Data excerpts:
[Start of Attachment]

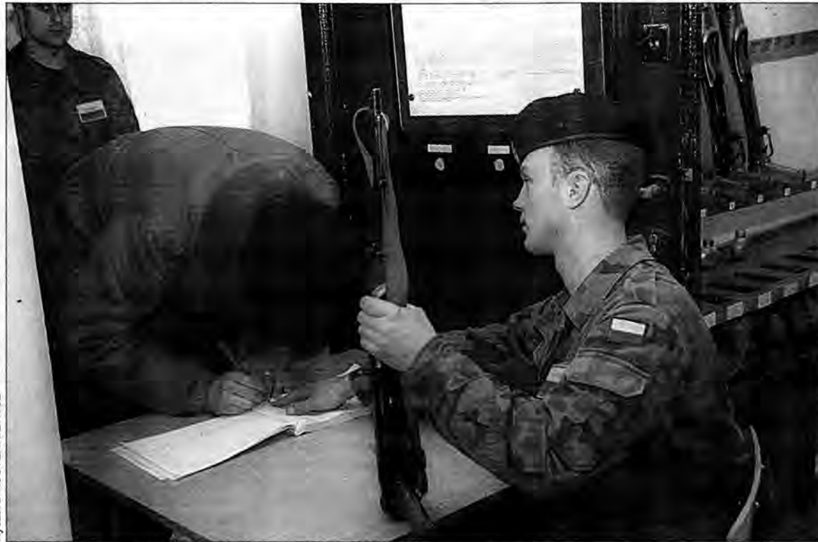
W wojsku dostać broń do ręki jest łatwiej niż w cywilu.

Do przemyskiej jednostki trafił kiedyś żołnierz z wypadku samochodowym, z zaleceniem lekarskim, że ma... leżeć. Biedak leżał więc, gdy
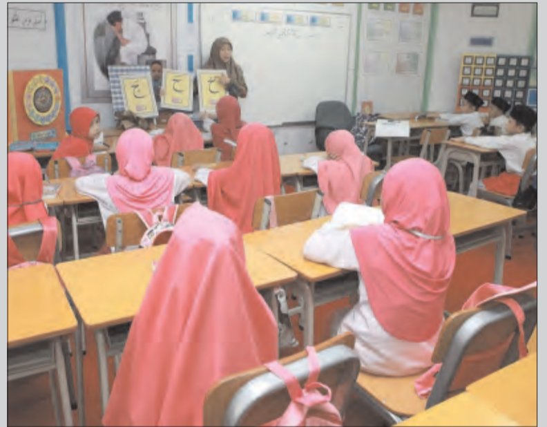
SUASANA semasa pembelajaran mengaji Al-Quran di Jame' 'Asr Hassanil Bolkiah, Kampung Kiarong.

Jumlah peserta yang telah dikhatamkan dari tahun 1998 sehingga 2016 ialah sejumlah 1555 orang yang mana 650 darinya adalah peserta lelaki sementara selebihnya seramai 905 terdiri dari peserta perempuan.
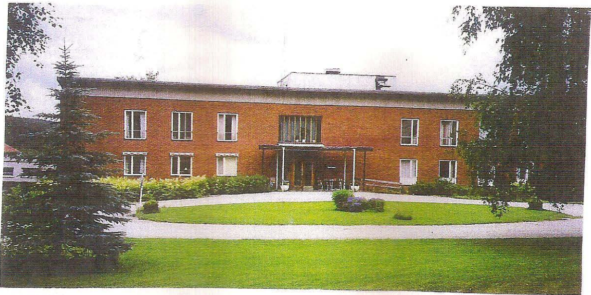
Den nya huvudbyggnaden från 1960-talet med kontorslokaler, läkarmottagning, badavdelningar, ny köksavdelning, gästrum med mera.
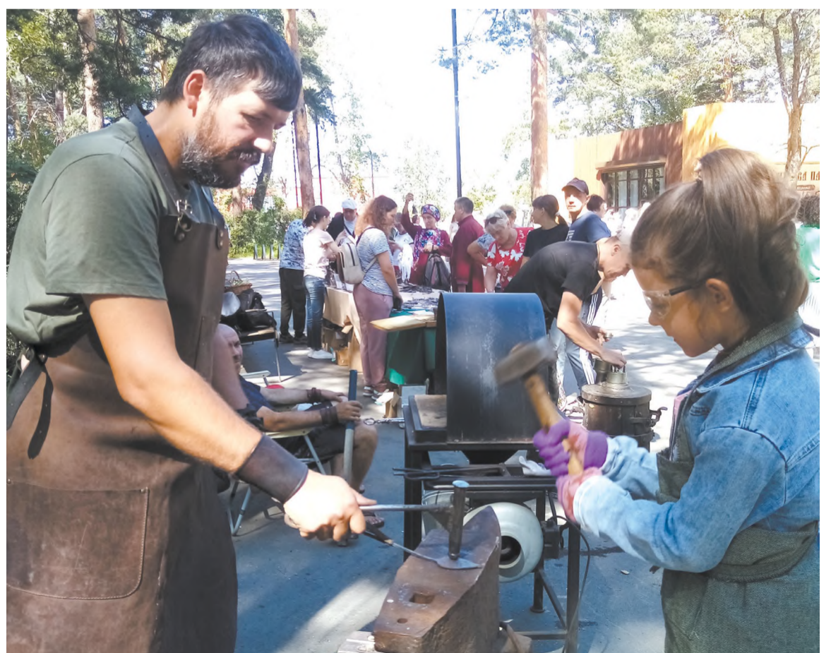
На ярмарке ремёсел. Кузнечное дело
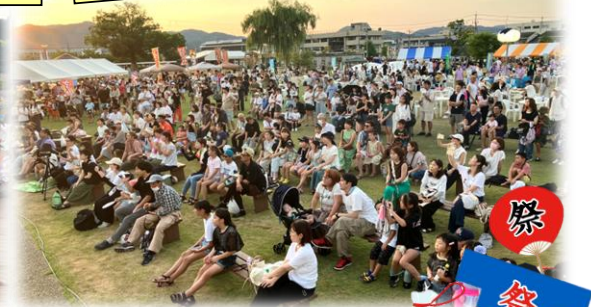
(第38回丹南地区いきいき夏まつりの様子)
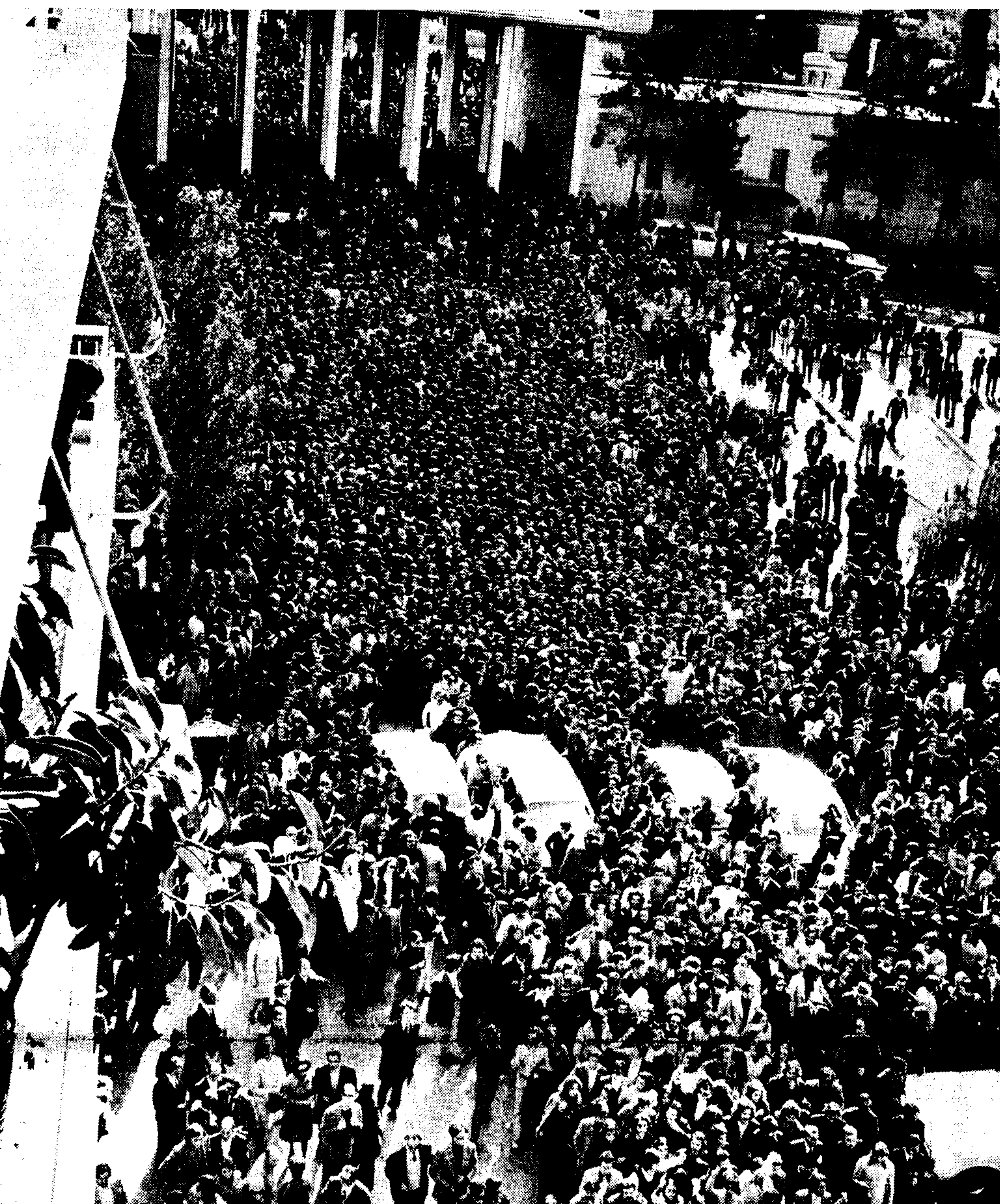
Χιλιάδες λαού κατέκλυαν χθες το πρωί την περιοχή του Α' Νεκροταφείου όπου έγινε το μνημόσυνο του Γεωργίου Παπανδρέου...
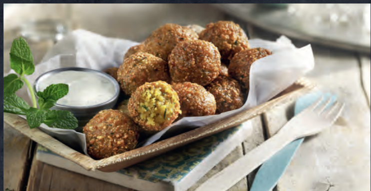
11496 Falafel 18 10 500 g | Fr. 15.50 | 100 g = Fr. 3.10 |
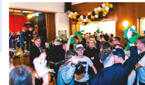
V únoru 2023 se v Domě kultury Chvalčovice uskutečnil první společný absolventský ples pořádaný společně se Střední školou chovu koní a jezdecký Kladruhy nad Labem.
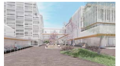
府中街道側から見た通り庭
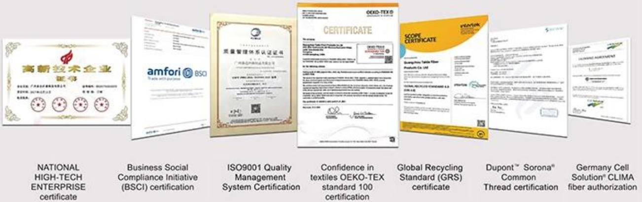
NATIONAL HIGH-TECH ENTERPRISE certificate
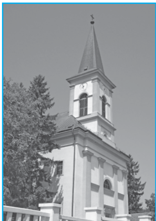
Római Katolikus Templom
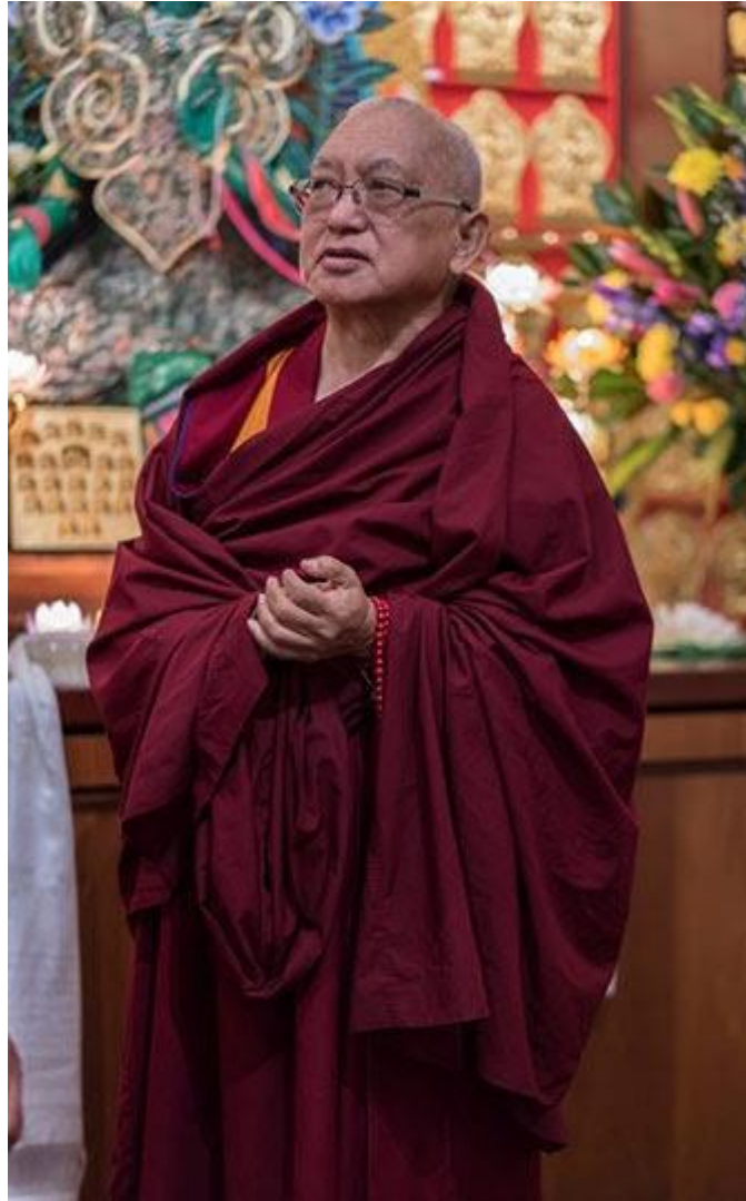
Lama Zopa Rinpoche durante la celebración de Saka Dawa, instituto Chenrezig, Australia, mayo 2018.
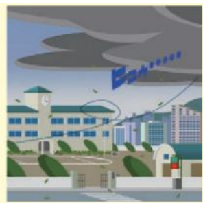
急に冷たい風が吹いてきた。
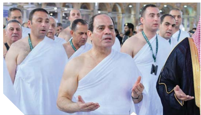
الرئيس خلال أدائه مناسك العمرة

المنطقة والأوضاع الراهنة وتعزيز العمل العربي المشترك وسبل مواجهة التحديات المشتركة. وكان الرئيس استمع فور وصوله مطار الملك فهد بن عبدالعزيز إلى شرح مفصل من العقيد تركي المالكي، المتحدث باسم قوات التحالف العربي، عن الاعتداءات على الأراضي السعودية، حيث شاهد «السيسي» بقايا بعض الأسلحة والصواريخ التي اعترضتها قوات الدفاع الجوي السعودي مؤخرًا.
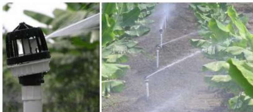
Figura 12. Riego SMOOTH DRIVE™
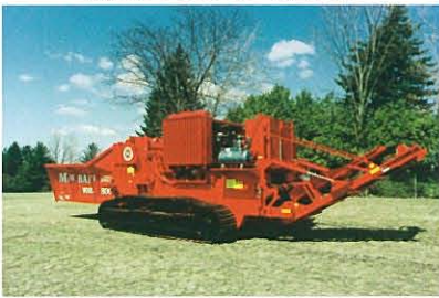
Model 3600 Track

[End of Attachment]

**Task statement**
Copy down each line in the entries that has the word "الرئيس".

**Written answer**
الرئيس خلال أدائه مناسك العمرة
المنطقة والأوضاع الراهنة وتعزيز العمل العربي المشترك وسبل مواجهة التحديات المشتركة. وكان الرئيس استمع فور وصوله مطار الملك فهد بن عبدالعزيز إلى شرح مفصل من العقيد تركي المالكي، المتحدث باسم قوات التحالف العربي، عن الاعتداءات على الأراضي السعودية، حيث شاهد «السيسي» بقايا بعض الأسلحة والصواريخ التي اعترضتها قوات الدفاع الجوي السعودي مؤخرًا.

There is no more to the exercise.